This article is part of our FanDuel MLB series.
There are only eight games on Thursday's docket, and since two of them are in the afternoon, and one of them is at 6:40 p.m. ET, we're looking at five contests for the main daily fantasy slate.
Your choices are certainly sparser than usual. However, some players still stick out to me as being more enticing than others.
Run, don't walk, to get Aaron Nola ($8,700). I don't care that he has a 6.84 ERA. This is a guy with a 3.35 FIP in his career. The Phillies ace has struck out 9.47 batters per nine innings since his MLB debut, and this year that number is actually up to 10.08. More importantly, he's facing Miami. The Marlins finished last in runs scored last season, and they are last again and falling behind the pack. You will not find a better matchup anywhere, ever, than the Marlins. This is the game where Nola starts to turn his numbers around.
If you want a slightly counter-intuitive choice, I'm intrigued by the Angels' Trevor Cahill ($6,200). His home/road splits have been among the more striking in recent year. Since 2017 he has a 2.24 ERA at home compared to a 6.51 ERA on the road. He may be facing the Yankees, but remember, this is a rather banged-up version of the Bronx Bombers. This is the time to consider a pitcher matching up with New York.
The Red Sox lineup is facing a righty, which means Andrew Benintendi ($3,800) is a name to keep in mind. The southpaw struggles against lefties, but the dude mashes right-handed pitchers. He's never had an issue getting on base (.359 career OBP), and now he's facing Jordan Zimmermann. The Tigers pitcher had to improve his play down the stretch last season to get down to a 4.82 FIP, and since donning the Old English D, he's been giving up homers with gusto.
Because Mookie Betts ($3,900) is off to a somewhat slow start, he's barely pricier than Benintendi. Right now, Betts feels like a tremendous value, and he's bound to pick up the pace. This is the reigning AL MVP, after all. He has a career .884 OPS even with this tough campaign. Zimmermann has a 5.24 ERA over the previous three seasons, and his 4.94 ERA this year is only slightly better.
Of course, the Tigers are facing a struggling pitcher in Rick Porcello, who once upon a time was a Detroit hurler as well. Now he's a guy with a 6.87 FIP through four starts in 2019. For cheap options, I've had a place in my heart for Niko Goodrum ($3,400) since last season. As a rookie, he hit 16 homers and stole 12 bases in 131 games, and he's increased his batting average, OBP, and slugging percentage since his previous campaign.
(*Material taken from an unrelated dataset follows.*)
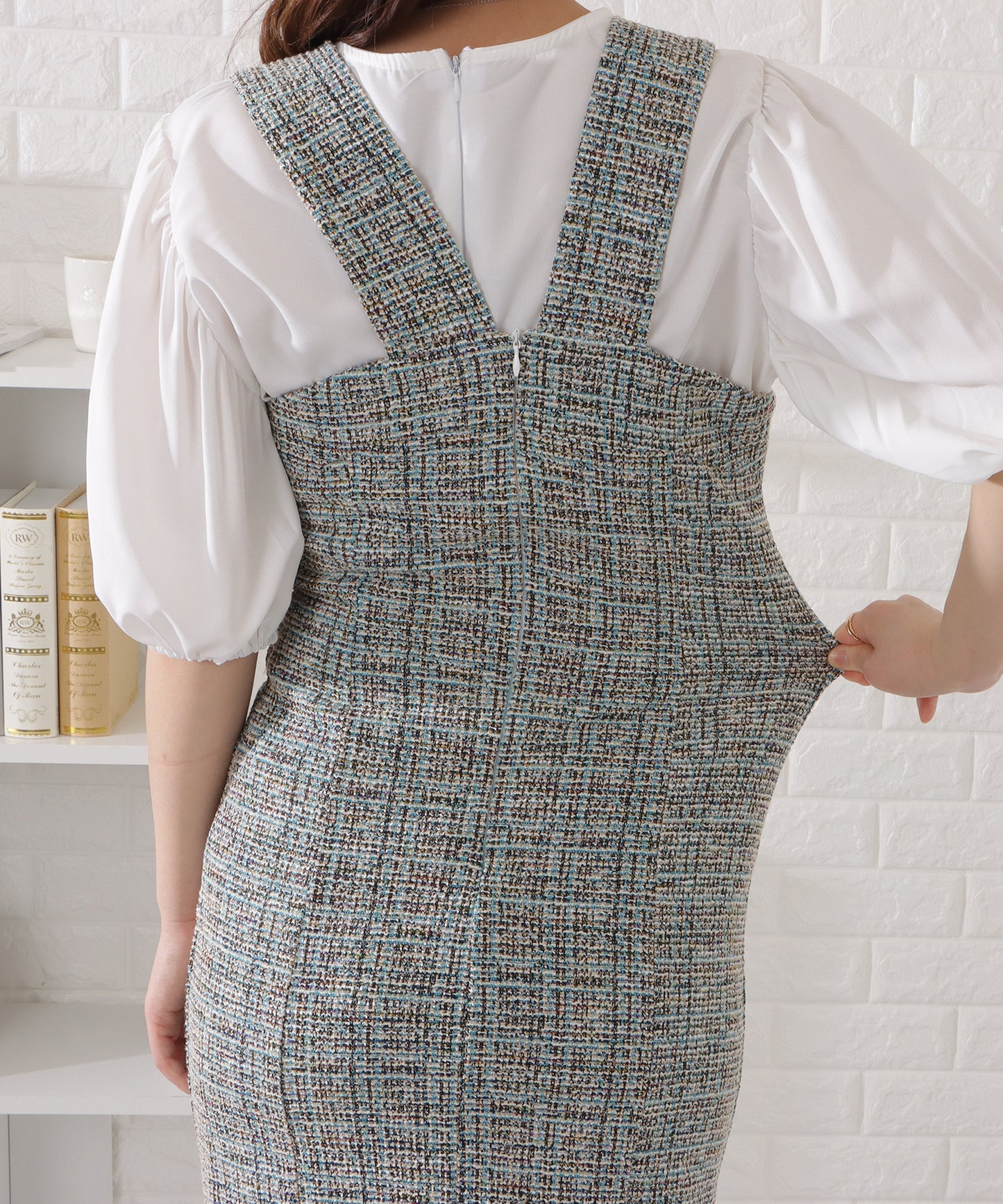 華やかな表情のミックスツイード生地でおつくりしたワンピース

With only five games on the slate and a few top-notch pitchers on the mound, such as Trevor Bauer and Gerrit Cole going head-to-head, the stacking options aren't great. I'm going with the Mariners at home.
Texas has decided to call up Hearn from Triple-A to get his first MLB start, and he had a 4.05 ERA in Nashville before getting the promotion. Even if they pull the plug swiftly, the Rangers don't have the strongest bullpen, either.
We know Haniger has been a cold-blooded masher since joining the Mariners. He slashed .285/.366/.493 with 26 homers in 157 games last year, and he's hit seven dingers in 26 games to start this campaign.
Santana's last season in Milwaukee was kind of a lost campaign, as he found himself a man without a country thanks to the acquisitions of folks like MVP Christian Yelich and good-but-not-quite-an-MVP Lorenzo Cain. In 2017, though, he hit 30 homers and stole 15 bases, and in his first season with Seattle he's slashed .306/.372/.491.
Lastly, we've got Narvaez at catcher. The lefty stick has been good against righties in his career. In 21 games to start this season, though, he's hitting everybody. Anytime a catcher has a .366 OBP, it's going to draw eyes.